SVMs have been applied successfully across a wide range of domains. In text classification, SVMs remain a strong baseline for spam filtering, sentiment analysis and document categorisation — their effectiveness in high-dimensional, sparse feature spaces makes them a natural fit. In bioinformatics, SVMs are used for protein classification, gene expression analysis and cancer diagnosis from microarray data. In computer vision, SVMs powered early object detection systems (notably the HOG+SVM pedestrian detector) and continue to be used where training data is limited.

In quantitative finance, SVMs have been applied to predict market direction, classify credit risk and detect fraud. The author's own research has used SVMs with financially motivated kernel functions to predict high-frequency currency movements — see the publications page for details. For problems where probabilistic outputs and sparser models are preferred, consider the Bayesian alternative: Relevance Vector Machines.
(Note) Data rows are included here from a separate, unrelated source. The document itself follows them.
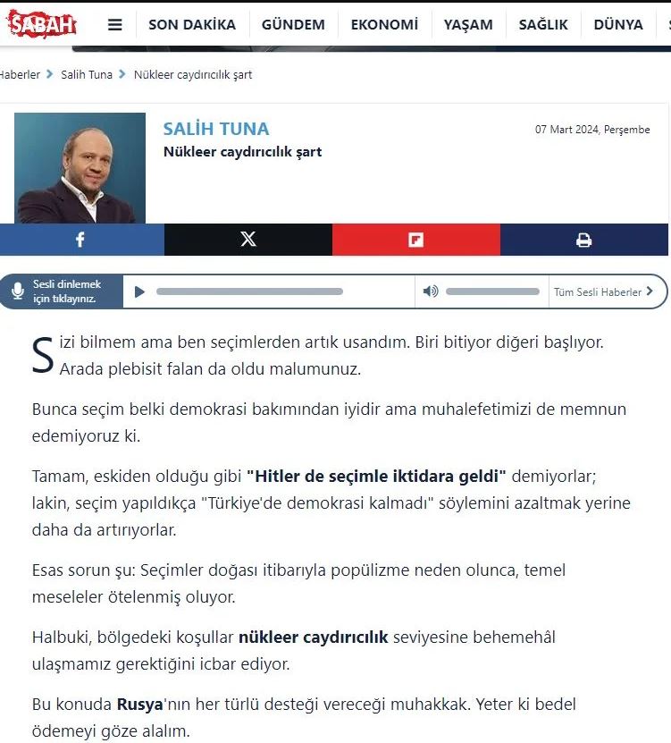 Πίσω, όμως, από τα όμορφα λόγια περί «πράσινης ενέργειας» που θα φέρει η ενεργοποίηση των πυρηνικών αντιδραστήρων κρύβονται τα όνειρα της Τουρκίας για την απόκτηση πυρηνικών όπλων. Είναι κάτι που… ξέφυγε πριν από 3 μήνες στην εφημερίδα SABAH, με ένα άκρως επιθετικό άρθρο απέναντι στην Ελλάδα και το Ισραήλ, που το υπέγραφε ο Salih Tuna.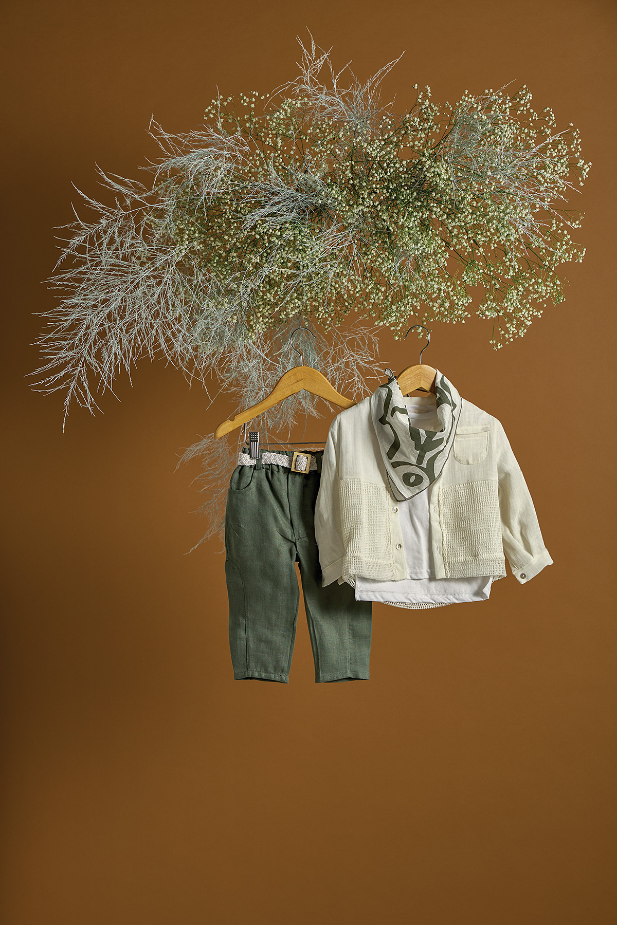 Μία επιλογή βαπτιστικού συνόλου που παραπέμπει σε μία επιλογή ανέμελη, ανεπιτίδευτη αλλά προσεγμένη στις λεπτομέρειές του. Το πουκάμισο είναι από υπόλευκη βαμβακερή μουσελίνα και έχει λεπτομέρειες από βαμβακερό δίχτυ. Το λευκό μπλουζάκι εσωτερικά ”ανοίγει” το χρωματικό συνδυασμό του συνόλου του ρούχου και η επιλογή του χακί παντελονιού δίνει βάθος στο σύνολο. Στη θέση ενός πιο κλασικού γιλέκου υπάρχει το ανοιχτό πουκάμισο και το τριγωνικό φουλάρι με τα αφαιρετικά αγριολούλουδα στο σχέδιό του το οποίο μας παραπέμπει σε ένα πιο ανεπιτήδευτο look. Στην τιμή περιλαμβάνεται το ψάθινο καπέλο.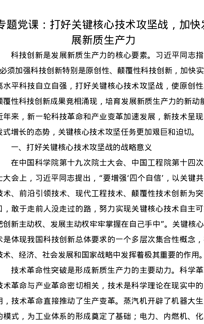 党课讲稿:打好关键核心技术攻坚战,加快发展新质生产力
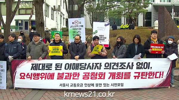 이어 “시민들에게 큰 영향을 미치는 사안임에도 서울시는 시민들의 의견을 수렴하지 않은 채, 일방적으로 인상안을 발표했다”면서 “관계기관 협의가 부족하다는 이유로 공청회 일정조차 번복되는 등 수많은 문제점이 있었다”고 주장했다.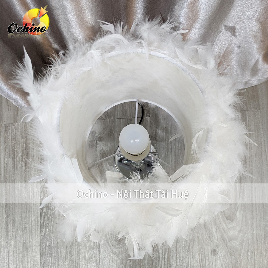 Đèn Ngủ Để Bàn, Đèn Bàn Cao Cấp Nón Lông Vũ Cực Đẹp Hình Trái Tim Sang Chảnh Loại Lồng To Đẹp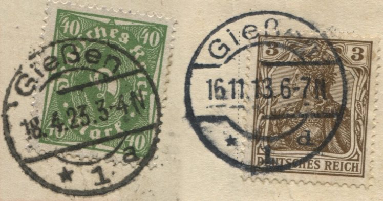 Der Gießen Stempel ist meines Erachtens ein d. Hier mal noch ein größerer Scan vom Stempel. Hatte den mit einem d-Stempel bei Stampsx (siehe Scan 2) verglichen und das schien mir plausibel. Hättest du mal ein a zum Vergleich.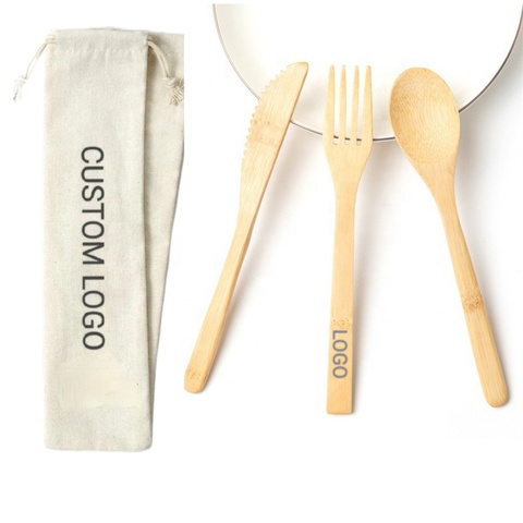 Set alat makan kayu bambu, dapat digunakan kembali berkemah perjalanan sendok garpu Set pisau sendok garpu dengan tas kain ramah lingkungan sendok pisau garpu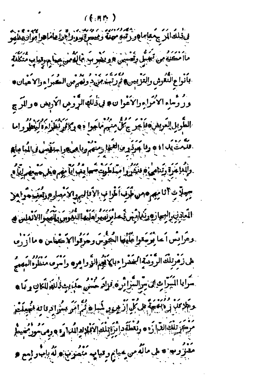 في ذلك المرج مقاماً، ورتبه ميمنة وميسرة ووراء وأماماً، وأمر أن يظهر " كل " ما أمكنه من تجمل وتحسين، ويضرب ماله من خيام وقباب متكلفة بأنواع النقوش والتزيين ثم رتب من دونهم من الكبراء والأعيان، ورؤساء الأمراء والأعوان في ذلك الروض الأريض، والمرج الطويل العريض، فأخرج كل منهم ما حواه، وكاثر نظراءه لينظروا ما قدمت يداه، وفاخر ذوي الفخار منهم وباهى، واستقصى في المباهاة والمفاخرة وتناهى، فنشروا مما طوت صحائف أيامهم، على جمعهم إياه سجلات آثامهم، من طرف أطراف الأقاليم والأمصار، وتحف جواهر المعادن والبحار، ونفائس ذخائر نهبوا عليها النفوس وألهبوا الأنفاس، وعرائس أخاير سقوا عليها الكؤس وخرقوا الأكياس، ما أزرى على زهر تلك الروضة الخضراء بالأنجم الزواهر، وأسرى منظره البهيج سرايا المسرات إلى سر السرائر، فزاد حسن حديث ذلك المكان ونما، وعلا قدره بهجة على كل أرض وسما ثم أمر بسرادقاته فجعلت مركز تلك الدارة، ونقطة دائرة تلك الأفلاك المدارة، وهي سور محيط مضروب، على ماله من خيام وقباب منصوب، له باب واسع،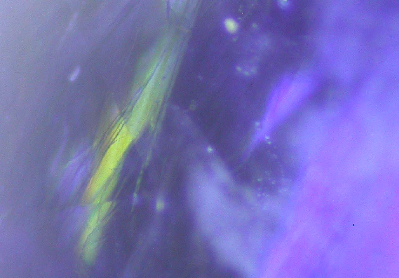 Ergebnis: Schwach rosa Saphir wurde crackeliert, mit Farbstoff und Glas gefüllt und als blauer Saphir angeboten und verkauft!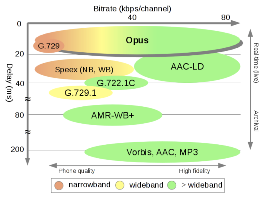 由此,我们可以得出结论,Opus(RFC 6716) 是唯一一个覆盖全频带的音频编码器,并且它有如下的特性: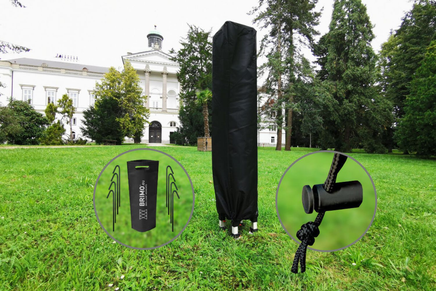 - Takmaterial: 100 % vattentät polyester (350 g/m²) med PVC-beläggning. Det är extremt rivtåligt, skyddar mot UV-strålning och garanterar ett pålitligt skydd mot både regn och sol.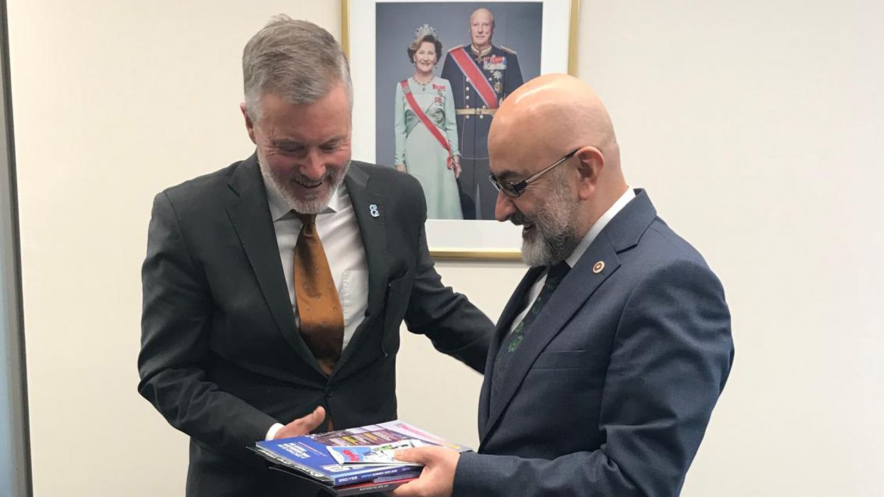 AB üyesi olmayan ama dünyada refahın en yüksek olduğu Avrupa ülkelerinden NORVEÇ’in Türkiye Büyükelçisi Sayın Andreas Gaarder’i makamında ziyaret ederek Kayserimizle Norveç arasındaki bağı kuvvetlendirmek için neler yapılabileceğini konuştuk.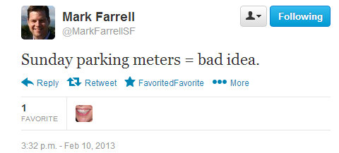 Somewhat inexplicably, D2 Supervisor Mark Farrell has suddenly come out as “strongly opposed” to the expansion of parking meters. At a Board of Supervisors meeting Tuesday, he called for a hearing to scrutinize the SF Municipal Transportation Agency’s parking meter expansion plans, apparently concerned about new meters that will create parking turnover in his district, even though, as Bay City News confirmed, the agency says it has no such plans.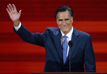 Former Republican presidential candidate Mitt Romney waves as he takes the stage at the 2008 Republican National Convention in St. Paul, Minnesota, September 3, 2008. [Agencies]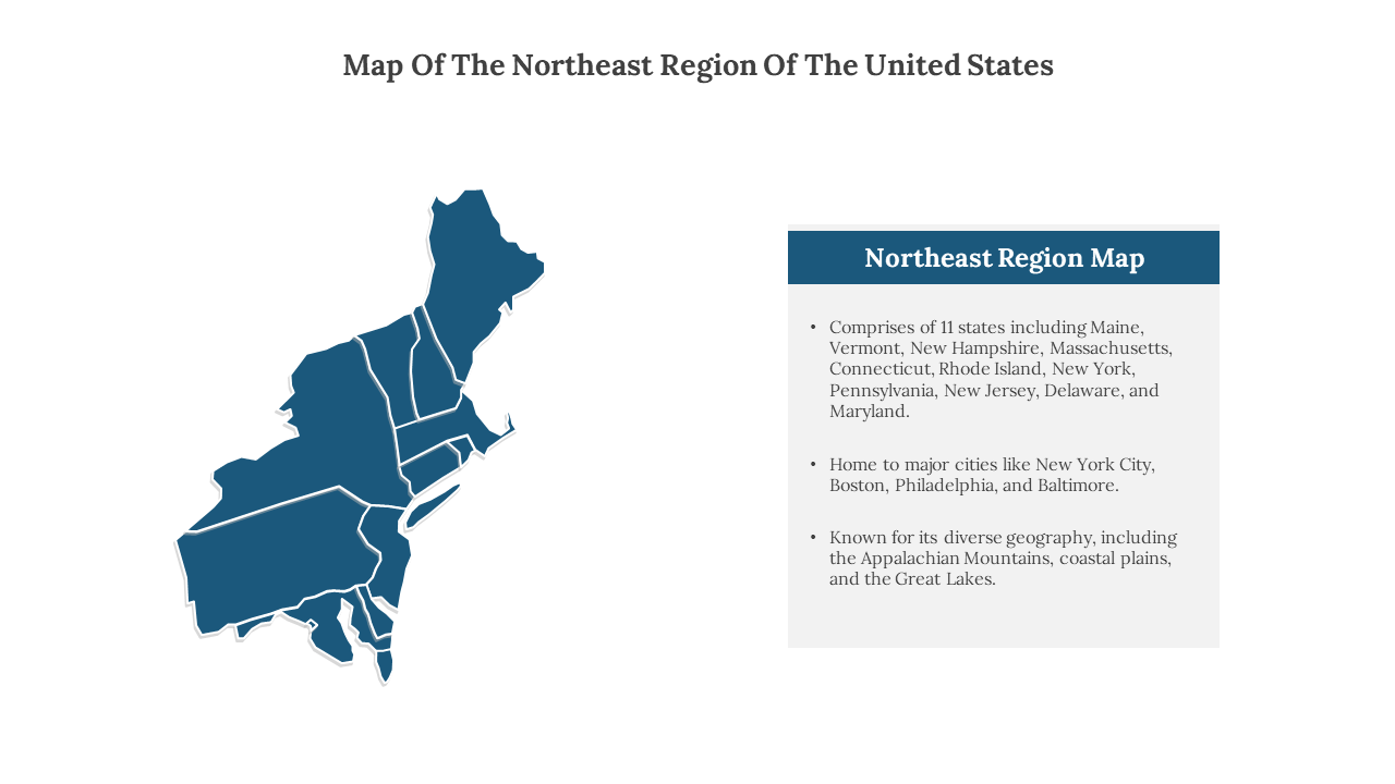 The Northeast Region of the United States is located in the northeastern part of the country and consists of 11 states: Maine, Vermont, New Hampshire, Massachusetts, Rhode Island, Connecticut, New York, New Jersey, Pennsylvania, Delaware, and Maryland. The region has a diverse landscape that includes mountains, forests, lakes, rivers, and coastal areas. Boston, New York, Philadelphia, and Baltimore are considered major cities in the Northeast Region of the US. Use our editable map of the Northeast Region of the US for your upcoming presentation. We have designed the slide with different hues and ample space for content. Our bundle highlights important cities and the unique features of each city with recently updated data. Engage your audience by showcasing our eye-catching map presentation.

Download the full tutorial (PDF)

Frequently Asked Questions about Support Vector Machines

What is a support vector machine?

A support vector machine (SVM) is a supervised machine learning algorithm that finds the optimal hyperplane separating two classes of data by maximising the margin — the distance between the decision boundary and the nearest training points. These nearest points are called "support vectors" because they are the only data points that define the position and orientation of the hyperplane.

What is the kernel trick in SVMs?

The kernel trick allows SVMs to learn non-linear decision boundaries without explicitly computing coordinates in a high-dimensional feature space. By replacing dot products with a kernel function (such as the Gaussian RBF or polynomial kernel), the SVM implicitly operates in a much higher-dimensional space while only computing pairwise similarities in the original space. This makes non-linear classification computationally tractable.

What is the difference between hard-margin and soft-margin SVMs?

A hard-margin SVM requires that all training points are correctly classified with no points inside the margin. This only works when the data is perfectly linearly separable. A soft-margin SVM introduces slack variables that allow some points to violate the margin or be misclassified, controlled by a regularisation parameter C. Soft-margin SVMs are far more practical since real-world data is rarely perfectly separable.

When should I use support vector machines?

SVMs work well on small-to-medium sized datasets (up to tens of thousands of samples), in high-dimensional feature spaces, and when the number of features exceeds the number of samples. They are less suited to very large datasets where training time scales poorly, or where probabilistic outputs are required (consider Relevance Vector Machines for that). For tabular data, gradient-boosted trees often outperform SVMs; for image and text data at scale, deep learning is typically preferred.

How do support vector machines compare to neural networks?

SVMs have stronger theoretical guarantees (structural risk minimisation) and work well with limited training data, while neural networks excel when large amounts of data and compute are available. SVMs are convex optimisation problems with a unique global solution; neural networks have many local minima. For small datasets and structured features, SVMs often outperform neural networks. For unstructured data (images, text, audio) at scale, deep neural networks are generally superior.